Life’s Little Ironies Department: Former Health Minister Philippe Couillard Gets Health Critic Lee Soderstrom’s Phone Number

Lee spent several decades at McGill working on health economics, and even though he has left teaching (not a “retirement,” he insists) he has remained vigilant on health related issues. One of the things that raised his ire this winter, as well as that of his McGill colleagues Abby Lippmann and Sam Noumoff, was an apparent serious conflict of interest in a new hire. In January McGill proudly announced that former Quebec Health Minister Philippe Coullard would become a Senior Fellow in its Research Group on Health and Law even though he had blithely and secretly negotiated a contract with a private health provider in the days before he left office last June. That sounds doubtful on its face, but what is worse Couillard at the same time pushed through regulations which make it easier for the private sector to enter the health care domain.

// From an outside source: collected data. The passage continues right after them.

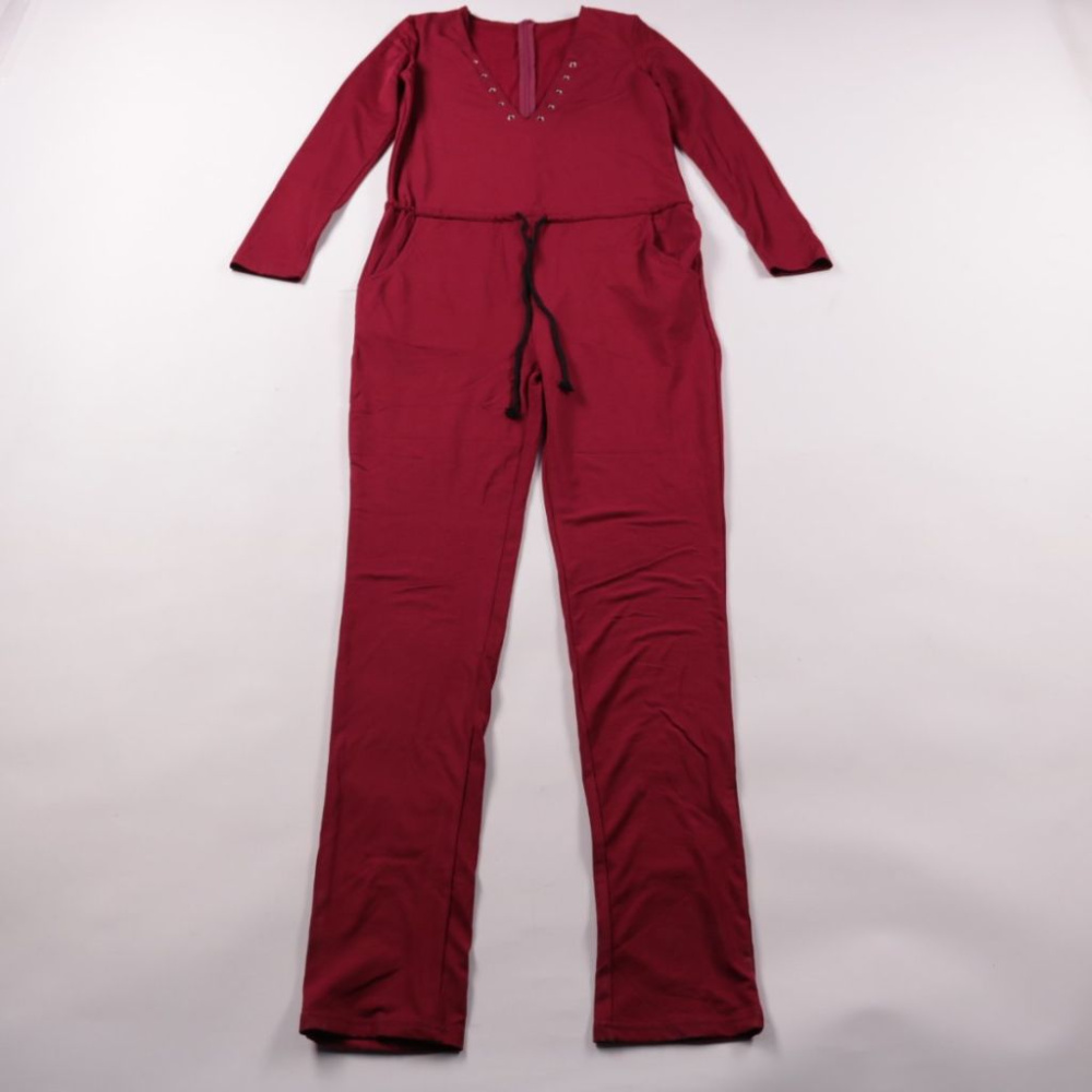 Бордовый комбинезон из хлопка с длинным рукавом, шнурком на талии и карманами. Подойдёт для дома, прогулок и повседневной носки в прохладную погоду. Натуральный материал приятен к телу и хорошо пропускает воздух.
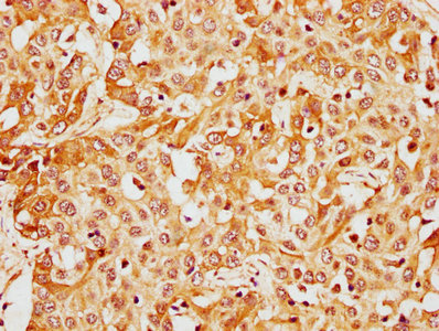 IHC image of CSB-PA13809A0Rb diluted at 1:400 and staining in paraffin-embedded human liver cancer performed on a Leica BondTM system. After dewaxing and hydration, antigen retrieval was mediated by high pressure in a citrate buffer (pH 6.0). Section was blocked with 10% normal goat serum 30min at RT. Then primary antibody (1% BSA) was incubated at 4°C overnight. The primary is detected by a biotinylated secondary antibody and visualized using an HRP conjugated SP system.
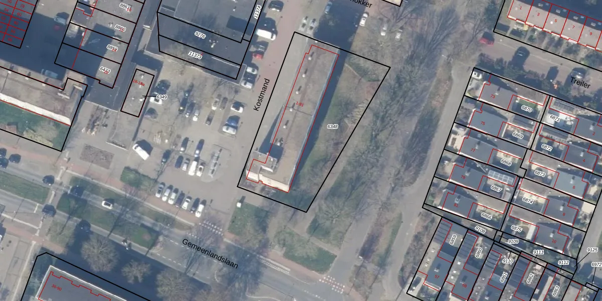 Het perceel waarop Kostmand 59 staat heeft een oppervlakte van 1605 m². Dit is een zeer groot perceel. De perceeloppervlakte wordt geregistreerd door het Kadaster. Gedetailleerde informatie over de maten van dit perceel kunt u vinden in het rapport Kadastrale kaart met maatvoering van Kostmand 59.
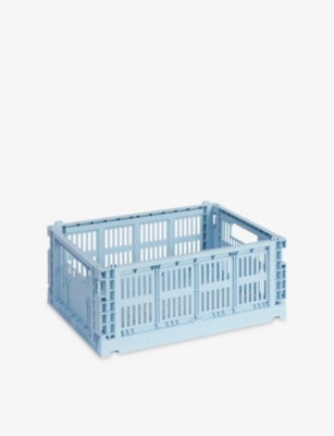 HAY Soft Blue Colour Stackable Medium Plastic Crate 34cm X 26cm
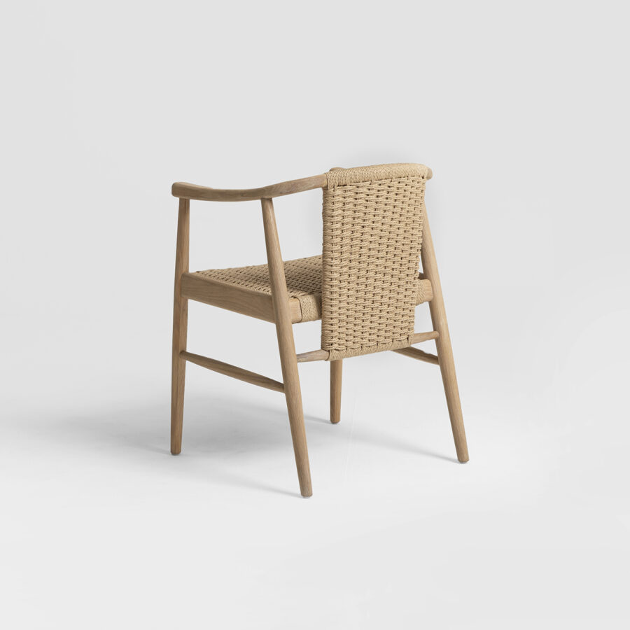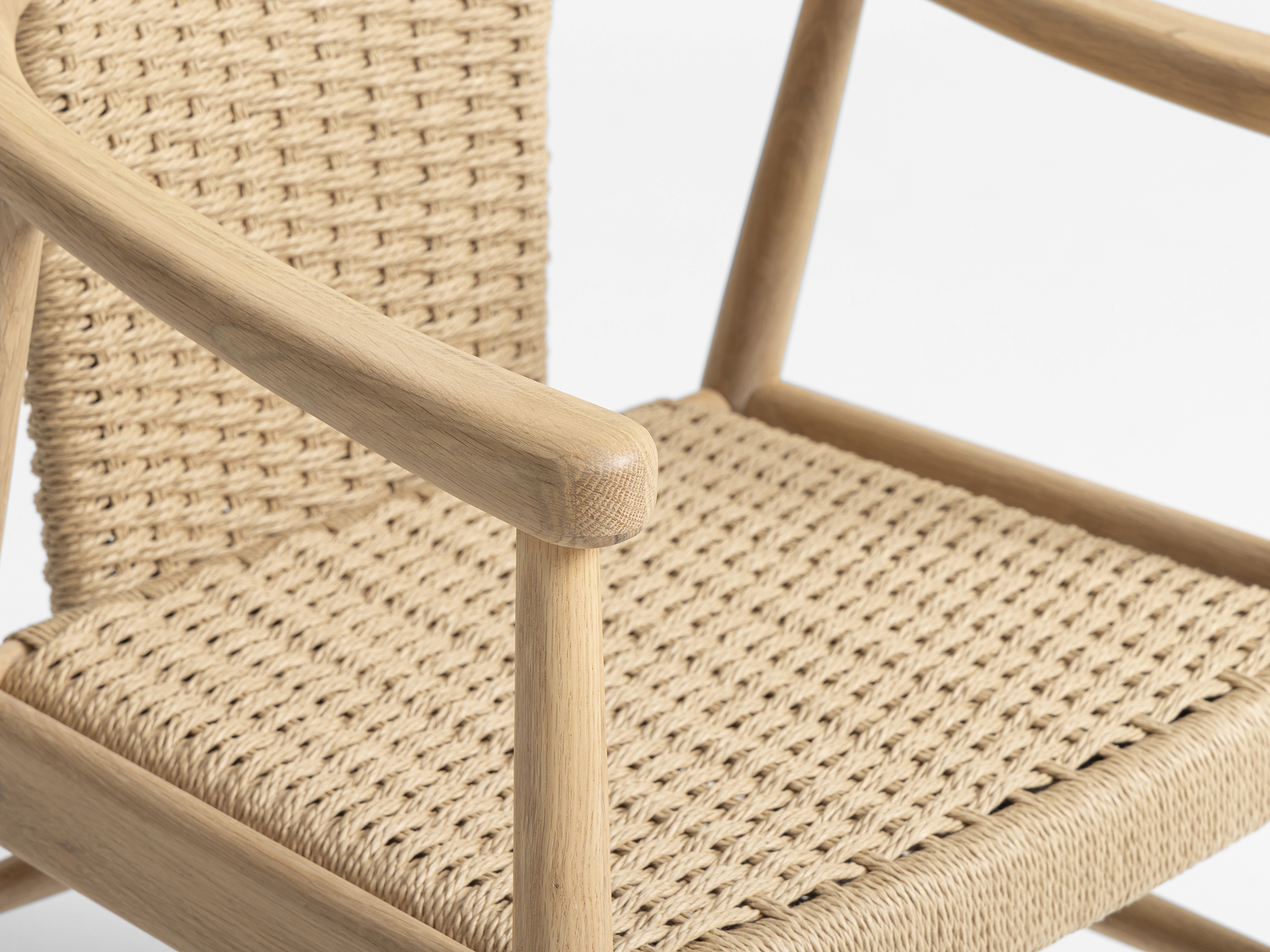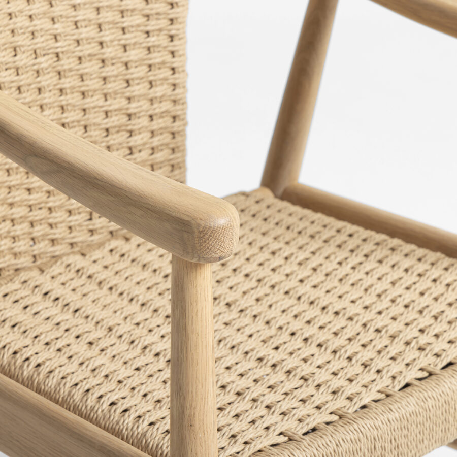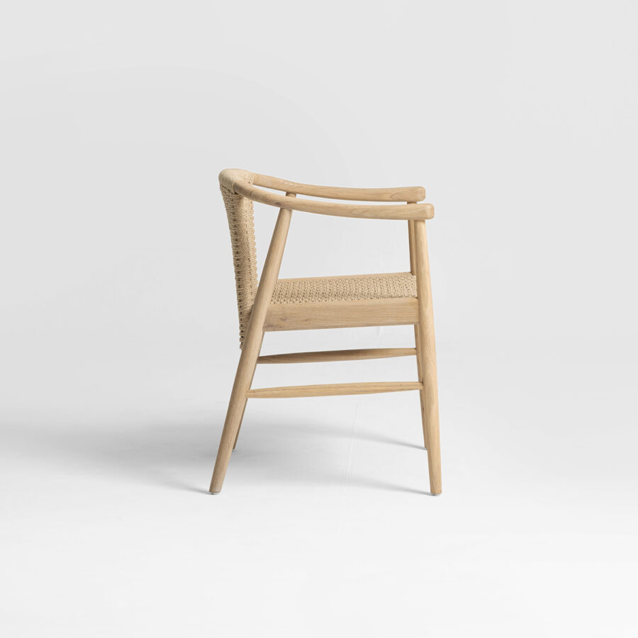 Julia är en tidlös matstol med skandinavisk känsla. Tillverkad i massiv vitoljad ek med en sits flätad i naturrep, kombinerar den hållbarhet med taktil elegans. Stolen passar lika bra runt ett rustikt träbord som i en modern miljö med ljusa toner och naturliga material. Varje detalj är noggrant utformad för att skapa en möbel som håller över tid – både stilmässigt och funktionellt.
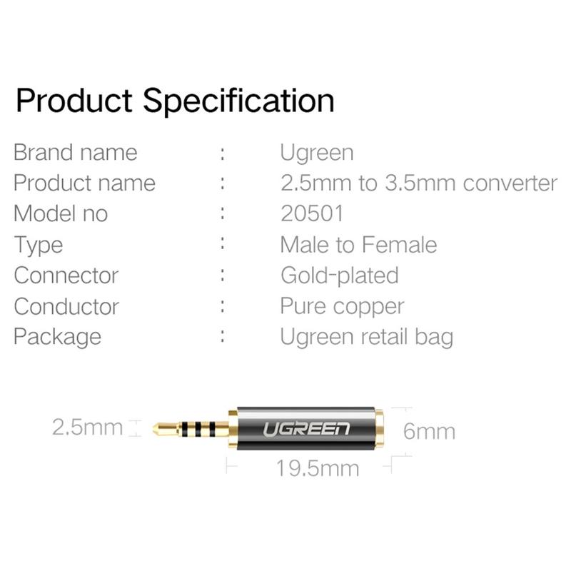 Ugreen 2.5mm han til 3.5mm hun stereolydadapter med guldbelagte stik
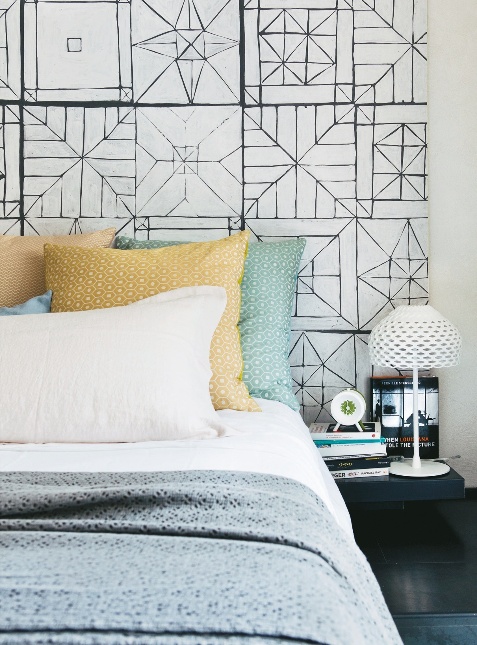 Al posto della testiera, è stata appesa a parete, come fosse un quadro, la tappezzeria grafica in bianco e nero Upsidedown [Wall & Deco €84/mq]. Sul letto sono appoggiati i cuscini Carré in giallo e menta con decoro a esagoni [L’Opificio, cm 65x65 €125 l’uno] e un copriletto grigio traforato [Emporio Roma da €195].
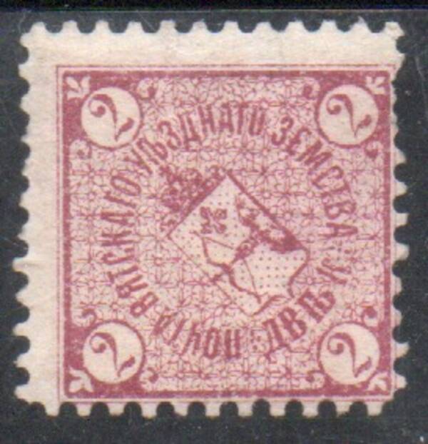 Вятский уезд 2 коп. Лилово-коричневая. 1 марка.
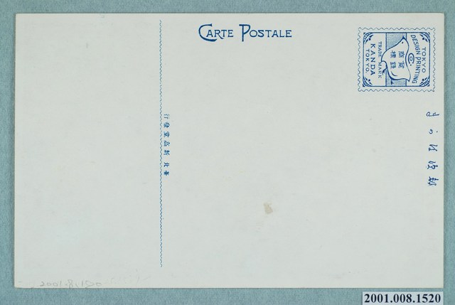 1. 本件是以鄒族原住民為主題之明信片,其正面為4名男子及1名男童於神木前方的合照。左1男子赤足站立,身穿長袖上衣著皮披肩,身前垂掛火器袋及腹袋;左2男子坐在樹根上,頭戴皮帽及貝片飾品,身穿長袖上衣,胸前佩戴火器袋,左手持長槍靠在左肩上;中央男童赤足站立,身穿長袖上衣著皮背心,右手握於左2男子的長槍上;左4男子赤足站立,頭戴皮帽及貝片飾品,胸前斜掛胸兜,腹前配掛皮袋,左腰間繫刀,雙手持長槍;左5男子赤足站立,身穿短袖上衣,左腰間繫刀,身前垂掛腹袋,雙手交握於前方。明信片正面下方印刷文字「臺灣生蕃 THE SAVAGES OF FORMOSA.」。明信片背⾯為空白書寫面,右上角藍色方框為郵票黏貼處,方框內有竹葉加鳥型商標圖示,以及「TOKYO DESIGN PRINTING Co.,TRADE MARK,千⿃印,登錄商標,KANDA TOKYO」等字樣。背面中央有道分隔線標有「臺北 新高堂發行」,其餘空白處印刷文字「「郵便はかき CARTE POSTALE」。2. 由於腹袋為阿里山鄒族男子特有的裝備,依此推測這些人物可能屬於阿里山的鄒族。
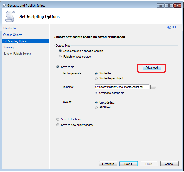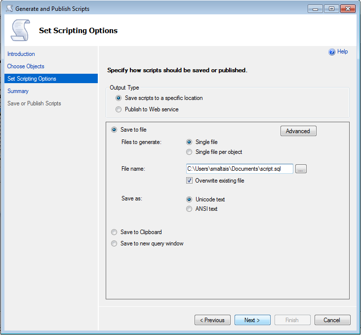 - Sélectionner l'emplacement où vous souhaitez enregistrer le fichier «.sql» et cliquer sur le bouton «Next» :

Lee and this friends wrote in a letter to the McGill Reporter, the administration’s bi-weekly publication, that Couillard’s actions before leaving office give an appearance of conflict of interest which McGill should investigate before it allows him to teach. Not surprisingly, nothing has been done about that at McGill. But on the provincial level, the affair raised many eyebrows: the actions of his new employer was investigated by the provincial commissioner charged with regulating lobbies. The firm was cleared of impropriety as a lobby, but Couillard's actions received no government scrutiny because there are no regulations governing what an elected official does in response to a lobby. An attempt to fill that gap--a proposal by the opposition Parti Québécois to set up an ethics commissioner for the provincial legislature--went down to defeat yesterday.

Also yesterday a friend who didn’t know that Lee had given up his office tried to call him at his old McGill number and was flabbergasted to get Couillard’s voice mail instead. It makes sense, in a way: somebody leaves, somebody arrives, and you just switch telephone numbers. But you couldn’t have asked for a weirder switch: if it had bee April 1 one might suspect a practical joke. Maybe, though, Couillard will get a message through the messages that Lee's cronies leave: we need to safe guard our universally accessible, single-payer health system.